Despite LaFleur’s admirable hope, here is an opening question for next week’s technical conference: Are the regional, negotiated solutions really any different than the "around market" solutions crafted by the states?
Take the proposal from the PJM Market Monitor to expand the minimum offer price rule (MOPR) in PJM to cover existing units as well as new units. The basis for demanding a solution in PJM is sound. As the Market Monitor notes, “[c]ompetition in the markets could be replaced by competition to receive subsidies.” Indeed.
Expanding the MOPR, however, is an ‘in market’ solution aimed at preserving the PJM capacity market in its current form and avoid it becoming a voluntary residual market. In the view of the Market Monitor, “[t]he PJM capacity market and PJM markets overall cannot function as markets if the capacity market is a residual market.”
So at a macro level, the MOPR is a construct within the market designed to achieve a specific outcome — retaining baseload power in the market. The MOPR is then a paradoxical intervention in the market to ‘save’ the market. Likewise, the state-sponsored "around market" solutions in New York and Illinois compelling zero emission credit (ZEC) purchases have the patina of a market-like construct – the purchase of a state-created and mandated credit to sustain baseload power.

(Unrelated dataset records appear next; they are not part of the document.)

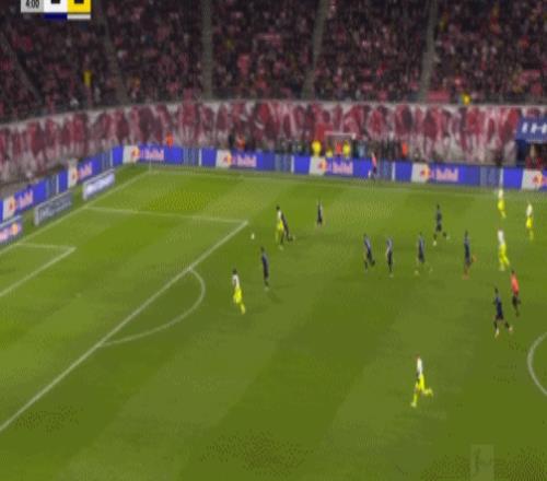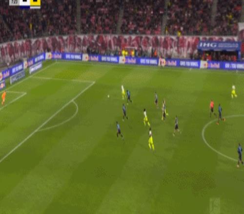 第20分鐘,迪奧曼德晃動(dòng)送助攻,鮑姆加特納破門,萊比錫1-0多特
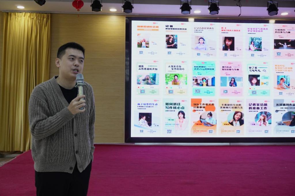 讲座伊始,祖雪蛟凭借自身在商业报道领域深耕多年的丰富阅历,结合商界集团大学生采编实践基地的建立、发展和内容产出情况,联袂高校共同培养适应新时代浪潮的新闻传播人才。他结合切身经验告诉同学们,要勇敢试错、大胆尝试,才能更好的积累经验,做到知行合一,将课堂所学真正用到工作与实践中。
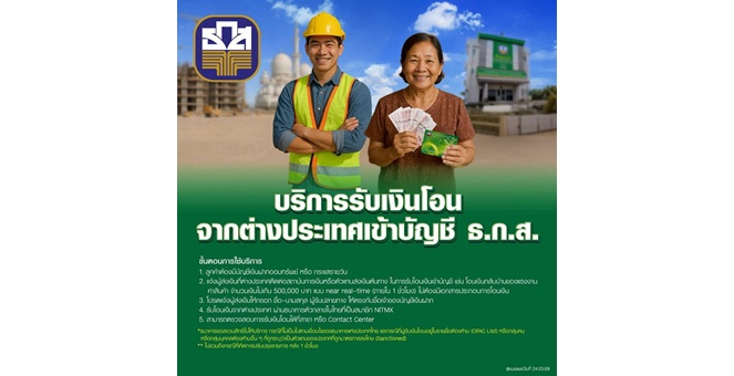 star_borderModal Upgrade Packageธ.ก.ส. ยกระดับบริการรับเงินโอนจากต่างประเทศเข้าบัญชี ธ.ก.ส. ได้ตลอด 24 ชั่วโมง สูงสุด 500,000 บาท2 Apr 2026 09:49
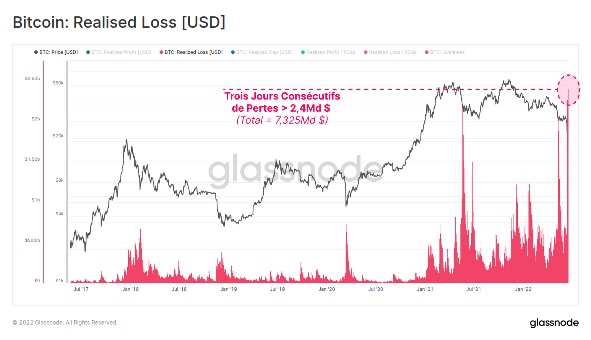 Cette mesure a atteint un nouveau record historique, ponctué par trois jours consécutifs où les pertes réalisées à l'échelle du marché ont dépassé 2,4 milliards de dollars par jour, pour un total de 7,325 milliards de dollars. Le stress de rentabilité mentionné ci-dessus semble se traduire par ces pertes réalisées par les investisseurs.
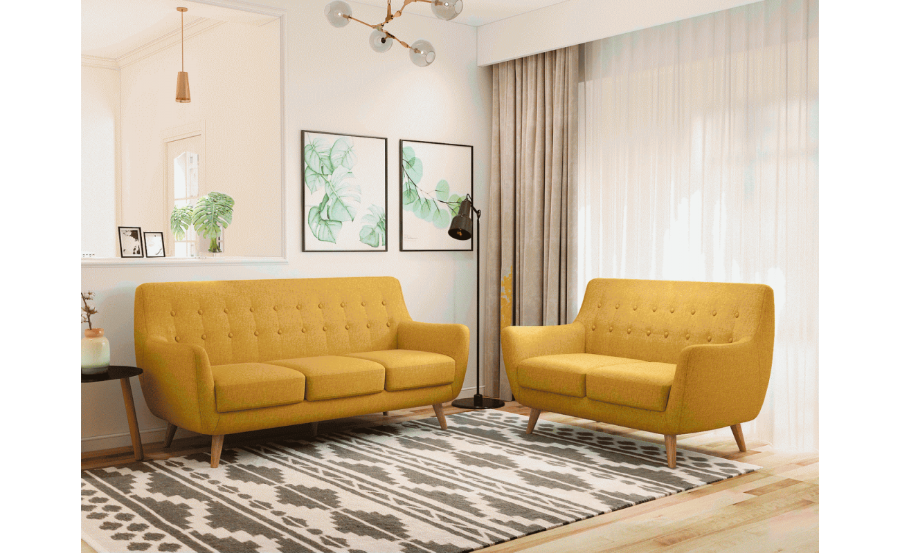 Диван Picasso двухместный горчичный, рогожка

Both the "in market" MOPR and "around market" ZECs share the same telos: to correct the market’s perceived failure in retaining diverse, baseload generation. Neither is an emergent market phenomenon. Both are a central planning mechanism. The debate thus should not be cast as a choice between deregulated market ‘solutions’ versus command-and-control decisions, but rather as central planning, simply with decisions from different entities.

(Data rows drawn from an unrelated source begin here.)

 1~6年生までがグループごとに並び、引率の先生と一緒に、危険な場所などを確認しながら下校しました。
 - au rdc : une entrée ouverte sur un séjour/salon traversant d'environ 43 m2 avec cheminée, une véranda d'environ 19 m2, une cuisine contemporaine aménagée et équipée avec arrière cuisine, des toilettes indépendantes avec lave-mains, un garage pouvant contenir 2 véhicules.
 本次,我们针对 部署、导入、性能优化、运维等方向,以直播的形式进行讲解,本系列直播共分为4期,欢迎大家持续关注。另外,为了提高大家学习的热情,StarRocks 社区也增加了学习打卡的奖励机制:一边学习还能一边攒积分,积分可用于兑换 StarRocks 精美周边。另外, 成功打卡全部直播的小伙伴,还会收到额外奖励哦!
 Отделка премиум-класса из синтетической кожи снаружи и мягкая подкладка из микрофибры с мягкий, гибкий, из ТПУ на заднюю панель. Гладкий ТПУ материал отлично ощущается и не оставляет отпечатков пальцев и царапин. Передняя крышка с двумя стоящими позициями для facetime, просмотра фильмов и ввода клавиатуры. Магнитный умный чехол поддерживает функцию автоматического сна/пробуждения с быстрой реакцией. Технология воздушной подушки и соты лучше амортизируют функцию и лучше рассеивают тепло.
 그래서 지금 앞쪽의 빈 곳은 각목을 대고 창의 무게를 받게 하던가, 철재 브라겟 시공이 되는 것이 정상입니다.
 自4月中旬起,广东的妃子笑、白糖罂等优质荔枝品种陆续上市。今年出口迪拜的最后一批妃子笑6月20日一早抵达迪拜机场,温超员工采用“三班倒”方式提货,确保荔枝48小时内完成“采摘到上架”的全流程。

Any solution involving the MOPR should be colored by the words former Commissioner Norman Bay proffered in his concurrence on his last day in office, which is as close we get in the regulatory world to a true "mic drop." The concurrence arose in the ISO-NE capacity market context but its principles apply beyond those borders.
Calling the MOPR “unsound in principle and unworkable in practice” and a “significant intervention in the market,” Bay observed that “[n]o other market in the United States is subject to the same construct in which a federal agency reviews state action and imposes an administrative price floor on supply offers from certain resources that have received state support.”
As FERC embarks on its technical conference and any subsequent processes to analyze what can be done to address the continuing loss of baseload power, it should retain and deploy former Commissioner Bay’s critical eye towards any ‘in market’ solutions such as an expansion of the MOPR.
The preference for Chairman LaFleur’s first option is understood, noted, and likely widespread within the organizations administering the markets. But FERC would also be wise to take a hard look at any and all ‘in market’ — or negotiated or planned or regional – solutions and evaluate whether such interventions in the market are what is needed or whether there are broader market design issues in certain types of organized electricity market structures that cannot be solved, be it through an "around market," "in market," or any other solution with any another moniker.
This investigation into the ongoing exit of baseload power is, to our mind, the most important energy policy issue facing this country today. And if investigated in a clear-eyed way, it may be that “markets” only work with planned utilities where the responsibility for long-term power supplies are left in the hands of the states and LSEs, not with the “market.”